Market News
3 min read | Updated on November 19, 2024, 12:27 IST
SUMMARY
PG Electroplast, Nalwa Sons and Black Box Ltd were the trending stocks that hit 52-week highs, with notable YoY growth in revenue and profitability despite market volatility. Stocks posted monthly returns of 16%-47%.

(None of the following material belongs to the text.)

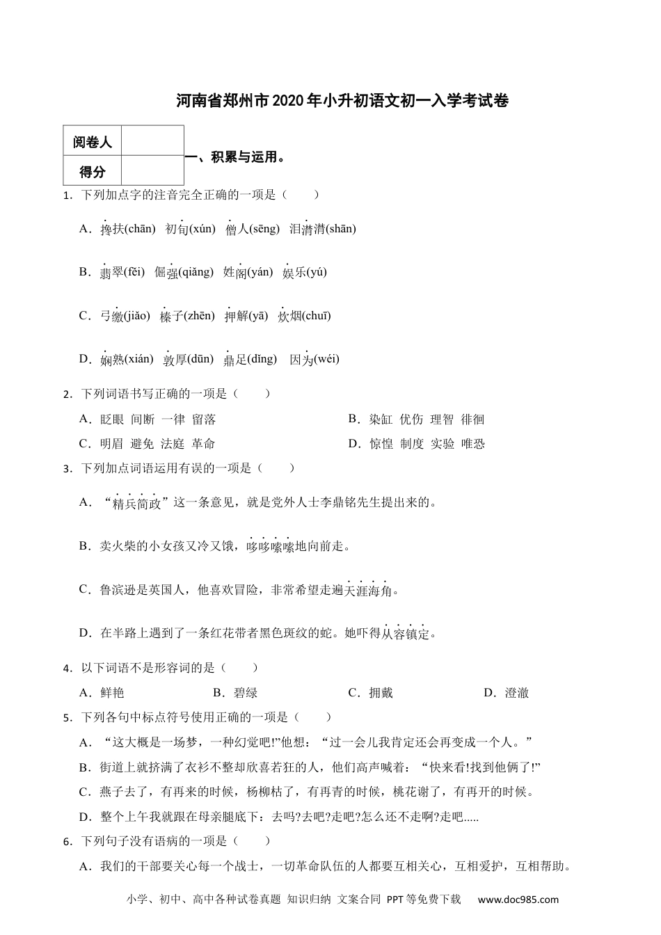 小学、初中、高中各种试卷真题知识归纳文案合同PPT等免费下载www.doc985.com河南省郑州市2020年小升初语文初一入学考试卷阅卷人一、积累与运用。得分1.下列加点字的注音完全正确的一项是()A.搀扶(chān)初旬(xún)僧人(sēng)泪潸潸(shān)B.翡翠(fěi)倔强(qiǎng)姓阁(yán)娱乐(yú)C.弓缴(jiǎo)榛子(zhēn)押解(yā)炊烟(chuī)D.娴熟(xián)敦厚(dūn)鼎足(dǐng)因为(wéi)2.下列词语书写正确的一项是()A.眨眼间断一律留落B.染缸优伤理智徘徊C.明眉避免法庭革命D.惊惶制度实验唯恐3.下列加点词语运用有误的一项是()A.“精兵简政”这一条意见,就是党外人士李鼎铭先生提出来的。B.卖火柴的小女孩又冷又饿,哆哆嗦嗦地向前走。C.鲁滨逊是英国人,他喜欢冒险,非常希望走遍天涯海角。D.在半路上遇到了一条红花带者黑色斑纹的蛇。她吓得从容镇定。4.以下词语不是形容词的是()A.鲜艳B.碧绿C.拥戴D.澄澈5.下列各句中标点符号使用正确的一项是()A.“这大概是一场梦,一种幻觉吧!”他想:“过一会儿我肯定还会再变成一个人。”B.街道上就挤满了衣衫不整却欣喜若狂的人,他们高声喊着:“快来看!找到他俩了!”C.燕子去了,有再来的时候,杨柳枯了,有再青的时候,桃花谢了,有再开的时候。D.整个上午我就跟在母亲腿底下:去吗?去吧?走吧?怎么还不走啊?走吧.....6.下列句子没有语病的一项是()A.我们的干部要关心每一个战士,一切革命队伍的人都要互相关心,互相爱护,互相帮助。小学、初中、高中各种试卷真题知识归纳文案合同PPT等免费下载www.doc985.comB.爷爷经常回忆过去的有趣的往事。C.寒假快结束了,我基本上把老师布置的作业全部完成了。D.读了《鲁滨逊漂流记》,你对荒岛上的经历一定很感兴趣。7.下面文学常识正确的一项是()A.《北京的春节》作者是老舍,原名舒庆春,北京人,满族。著作有话剧《龙须沟》《骆驼祥子》,小说《四世同堂》《茶馆》等。B.《穷人》作者是列夫•托尔斯泰,他是乌克兰人,“穷人”指生活贫困受苦的人。课文赞扬了主人公桑娜虽穷,但有一颗善良、淳朴的美好心灵。C.“迢迢牵牛星,皎皎河汉女。”一诗选自《古诗十九首》,在这里作者引用了牛郎、织女的传说。D.《学弈》是孟子的作品,孟子名轲,字子舆,战国时期邹国人。是我国儒家学派的代表人物,被人尊称为“亚圣",后世将他与孔融合称“孔孟”。8.默写。(1),轻烟散入五侯家。(2)卷地风来忽吹散,。(3)辛弃疾的《西江月•夜行黄沙道中》中描写了明月升起惊吓了喜鹃,蝉还在清风中歌唱的诗句是,。(4)《浪淘沙》中,诗人运用浪漫的想象结合优美的传说,表示要乘风破浪,直到牵牛织女家的句子是:,。(5)《江上渔者》描绘了在风波浪涛之中,渔民驾驶小船辛辛苦苦捕获肥美的鲈鱼的诗句是:,。(6)“乡思”是古代文人墨客写诗作赋的一个重要主题,在许多诗词中都流露出作者的离愁别绪。王安石在《泊船瓜洲》中用“,"两句表达了对家乡的思念;清朝诗人纳兰性德也在《长相思》中用“,“两句委婉地表达了这种情感。9.名著阅读。(1)《三国演义》这本书的作者是(2)《三国演义》中刘关张三顾茅庐请的是(填人名);在赤壁大战中被烧得大败而逃的是(填人名)。10.综合性学习。(1)仿写句子,在下面两句的横线上补写相应的内容。例:假如给我三天光明,我将好好欣赏黎明时飘着的红紫红紫的朝霞。假如,。小学、初中、高中各种试卷真题知识归纳文案合同PPT等免费下载www.doc985.com假如,。(2)将下面诗歌补充完整,最恰当的一项是()大漠沙如雪,___________。何当金络脑,快走踏清秋。A.长河泛孤舟B.燕山月似钩C.明月照西楼D.长城月如钩(3)古代诗歌中,有许多与传统节日有关的名篇佳作,它构成了民族文化的重要组成部分,请你写出与下列古代诗歌名句相对应的传统节日。清明时节雨纷纷,路上行人欲断魂。海上生明月,天涯共此时。阅卷人二、阅读理解。得分11.阅读下面的古诗,完成习题。出塞[唐]王昌龄秦时明月汉时关,万里②长征人未还。但使②龙城③飞将在,不教胡马度阴山。[注释]①万里:形容路途遥远,是虚数。②但使:只要。...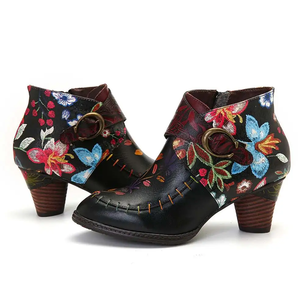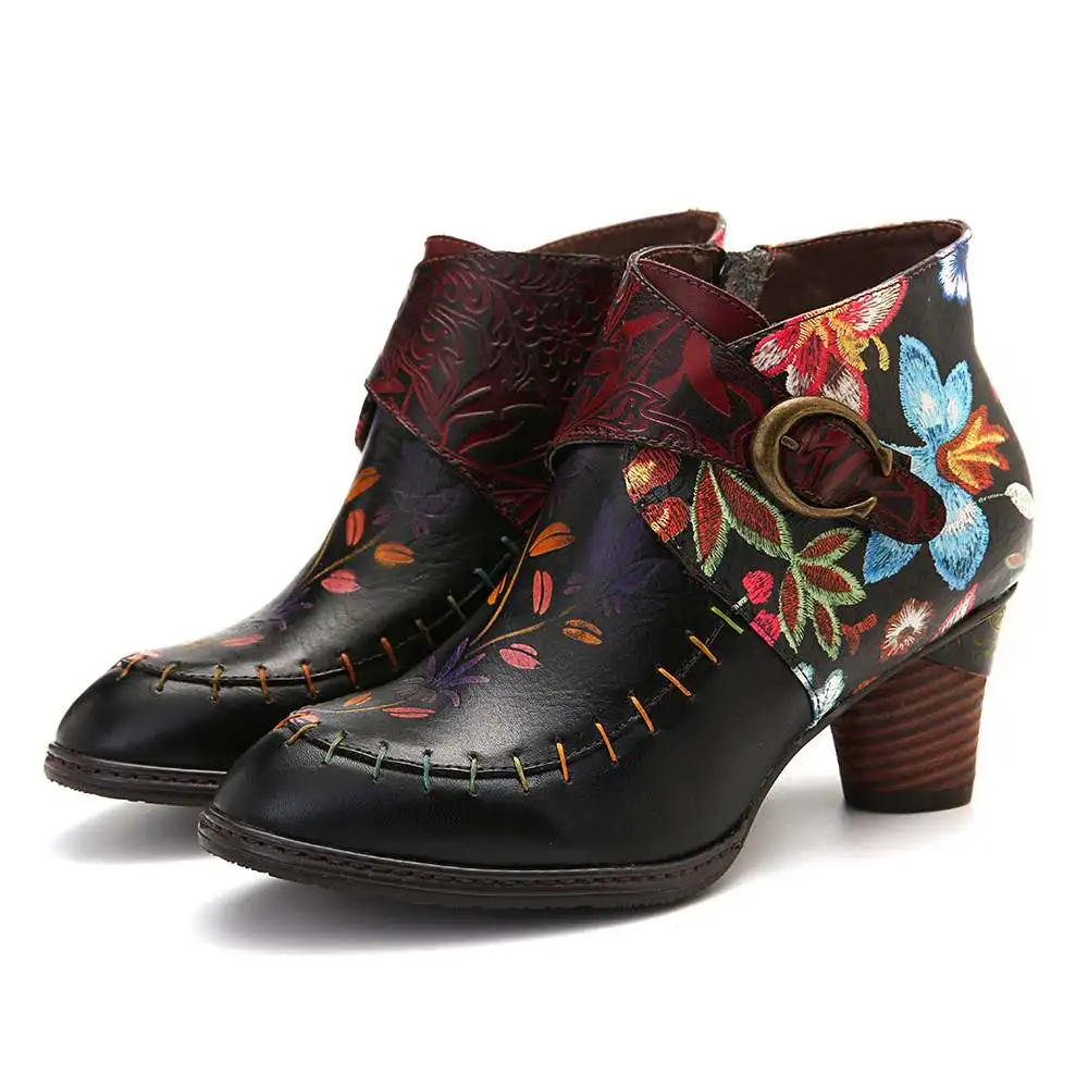 Product Name: SOCOFY kolorowe buty szwy malowany kwiat prawdziwej skóry eleganckie botki eleganckie buty damskie Botines Mujer 2019

PG Electroplast, Nalwa Sons and Black Box scale 52-week highs amid strong market momentum
On Tuesday, 39 stocks reached 52-week highs as frontline indices traded positively. The NIFTY50 rose by 1%, trading around 23,690, while the SENSEX also climbed by 1%, trading near the 78,120 level. Meanwhile, the Nifty Bank increased by 0.73%, trading at approximately 50,730. India’s volatility index, India VIX, declined by 5.41% to 14.35.
Broader market indices traded in the green: the Nifty Midcap 100 was up by 1.65%, while the Nifty Smallcap 100 rose by 1.86%. Sectoral indices also performed positively, with Nifty Media, Nifty Realty, and Nifty Auto gaining between 1.8% and 3%.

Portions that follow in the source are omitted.